4.6.4 High sensitive electrophysiological methods for graft evaluation The experiments for this thesis were performed using calcium imaging and planar patch-clamp recordings. Both methods are highly sensitive and established for electrophysiological research (Barreto-Chang and Dolmetsch, 2009; Hamil et al., 1981;

Brüggemann et al., 2006). Calcium imaging allows one to measure the intracellular calcium concentration which gives information on the calcium homeostasis of a cell, whereas planar patch-clamping allows studying ion channels located on the cellular membrane. These electrophysiological procedures open up new technical opportunities to evaluate corneal grafts as they are more sensitive than conventional staining and cell counting. Of course, one would first have to investigate the exact correlation between for instance TRPM8 and corneal endothelial cell viability in order to draw a conclusion.

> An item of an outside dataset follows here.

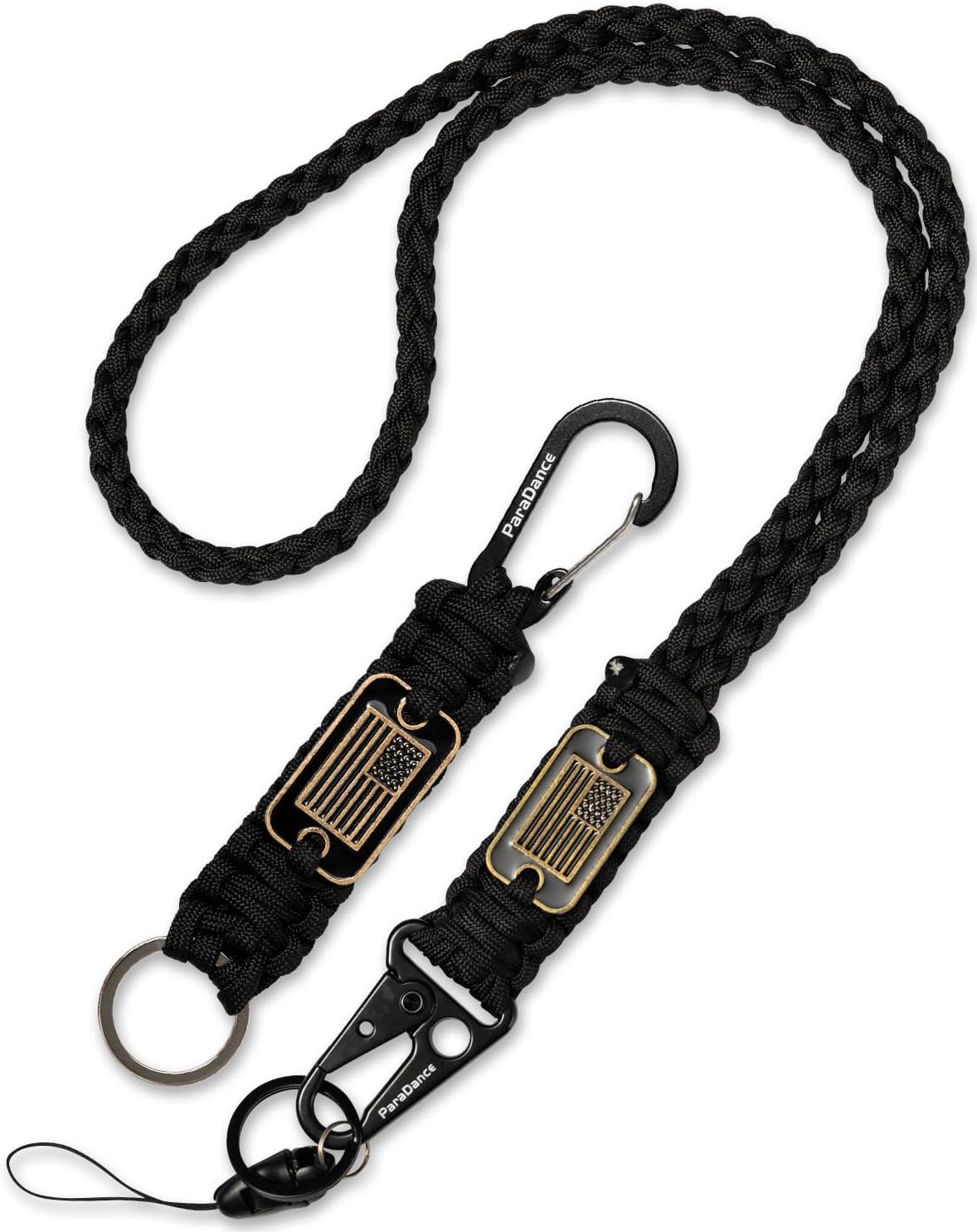 This lanyard is braided from 550 paracord and features a cool USA flag. Comes with a carabiner and key ring, which can be used to hang garmin alphas/telescopes and other heavy objects. Small items such as keys/wallet/whistle/ID badges/phone can be hung on the string.

Then, this ion channel could be a promising new marker for the cell viability of the corneal endothelium, which might help to detect the most suitable grafts for keratoplasty.

4.7 Conclusion

This thesis has demonstrated that thermo-TRPs such as the cold receptors TRPM8 and TRPA1 occur in HCEC-12 cells and in normal HCEC. There is evidence for a complex regulation of intracellular Ca2+ levels via these thermo-TRPs. Further investigations in this direction may have the potential of helping to improve the storage of human donor corneas and the outcome of keratoplasty – topic of high interest of eye banks and patients worldwide.